On the English side there is little change, even if, in watching the evolution of political discourses since the blaring announcement of “herd immunization” we are witnessing a weakening, even an about-turn, of public authorities confronted with the disagreement of part of public opinion. And on the French side?

Since the end of February when measures were taken in Italy to contain the virus, several steps have been made in the face of the eruption of this piece of real that is the Coronavirus. Bringing it back to what is already known, and thereby banalizing it, the flu. Then, little by little, differentiating it from the flu, namely confronting the unknown, but while clinging to our modes of enjoyment. Perplexity, fear, time for not understanding, for lack of an instant of seeing. The moment of concluding came with this signifier war and the measures of confinement that wipe the slate clean of our modes of enjoyment.  This is when the real imposed itself as such.  It imposed itself indirectly via the measures of defense acted by government.

It is clear that the real does not constitute a limit: speaking-beings need interdiction to treat it. The real, because it is of an aleatory order (random) is never enough to create a limit for speaking-beings. It can kill them, but death is not a limit that can be lived. The law is necessary. Why? I will posit, saying that the law, founded on an activation of the function of interdiction, is the condition of desire.
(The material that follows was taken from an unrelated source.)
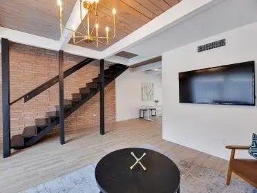 Welcome to this stylish and well-maintained condo nestled in a quiet, gated community just minutes from the Texas Medical Center, shopping, dining and hike-and-bike trails. This two-story home features eye-catching floating stairs, a beautiful exposed brick accent wall, and updated flooring and light fixtures. The modern kitchen is equipped with a stainless steel sink and refrigerator, while the bathrooms feature elegant vanities, updated sinks, and a relaxing tub. Enjoy your own private patio and the convenience of an exterior storage room located next to your assigned covered parking space. Located directly across from the community pool this unit offers comfort and convenience in a vibrant location. Cable and internet Provided. Fully furnished and remodeled and ready for immediate occupancy.

Desire is, strictly speaking, vital to the speaking-being. It is, therefore, the only tool that the speaking bodies have at their disposal to treat the real. I qualify it as a tool because the way we make use of it depends on the sinthome of each of us. It results in an infinite number of ways of making, or not making, use of it, to bend without breaking. It is a choice for each of us: to change our way of functioning, shifting, postponing: as for example, the WAP Council’s decision to postpone the Congress scheduled for April until December. Or, at a more modest level, to write a short paper on the coronavirus about which nothing is known! In short, it’s about resourcing desire in so far as it implicates loss as its operational mode, but not all-loss, since it brings with it invention and thereby unprecedented knowledge.

 

Translated by Julia Richards

 


[1] Jacques Lacan, British Psychiatry and the War, Psychoanalytical Notebooks, Issue 33, London Society of the New Lacanian School (NLS), 2019.

[2] Pierre Duhem, The Aim and Structure of Physical Theory, Chapter VI, “The Structure of Physical Theory”, Princeton University Press, Princeton NJ, 1991 for the paperback version.